By wide margin, Beyond Meat (BYND) has become the hottest IPO of 2019.
Since May 2019, the stock has run from $45 a share to more than $208 a share. By the way, it hit that all-time high days before issuing its second quarter earnings.
However, this may just be the start of a much bigger run.
Analysts at Bernstein for example just initiated the stock with an Overweight rating, and noted that the alternative meat market could be worth more than $40.5 billion within a decade. Analysts at Research and Markets expects the market to increase from $4.6 billion to $6.4 billion by 2023.
Interesting to note, the company has long-term potential as more than 18% of Americans are now trying to eat less meat, according to the NPD Group, as noted by CNBC. Plus, there’s no shortage of consumer interest. Grocery sales of meat alternatives were up nearly 20% to $878 million for the year ended January 5, 2019, according to Fortune.
First quarter earnings results were already better than expected.

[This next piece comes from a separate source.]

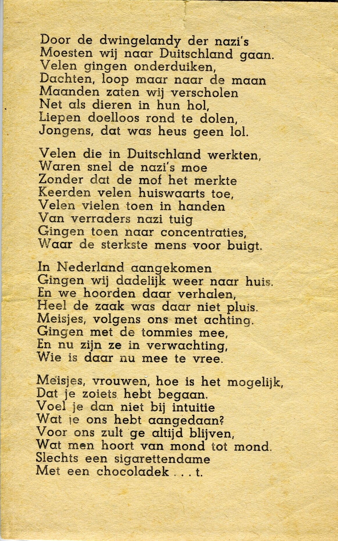 Gedicht - in druk - over mannen die bij terugkeer uit de gedwongen tewerkstelling in Duitsland erachter komen dat hun vrouwen en meisjes het met een soldaat van de geallieerden hebben gedaan: "Meisjes, volgens ons met achting, gingen met de tommies mee. En nu zijn ze in verwachting. Wie is daar nu mee tevree."

Total revenue grew 215% in the quarter thanks to an incredible surge from restaurant distribution channels, which helped drive gross profits 424% higher. It also achieved a gross margin of 25% in the quarter as well. Even better, management issued full-year 2019 guidance calling for revenue of at least $210 million – year over year growth of 140%.
Better, with sizable popularity of meat alternatives, Tyson Foods just confirmed it will introduce a meatless product in coming months. McDonald’s just began selling its veggie burgers in Germany. And Burger King just said it’s Impossible Whopper would go on sale this year.
All as the public just begins to change their tastes, and begin to eat less meat.
Plus, many companies are just beginning to notice there’s a shortage of veggie burgers to satisfy consumers at the moment. Big food companies are “setting up investment arms and emerging company areas, but it’s too little, too late, and they’re still trying to catch up with the curve,” said Lou Biscotti, national food practice leader for Marcum LLP, as quoted by Bloomberg.
With all of its excitement, it’ll be interesting to see just how explosive this stock could get.
Unfortunately, not all IPOs are this explosive.
It’s why – for years – we’ve always recommended buying shares of the First Trust U.S. Equity Opportunities ETF (FPX). In fact, we began recommending it in 2010.
As we’ve noted, this is one of the safest ways to trade an IPO.
Even with some of the most obnoxious IPO failures, the ETF managed to run from a 2009 low of around $11 to a recent high of $77. It’s a safer alternative than risking your hard-earned money to another potential flop. With the FPX, it doesn’t matter if the stock is hot or a dud, the excitement surrounding IPOs continues to send the FPX to new highs.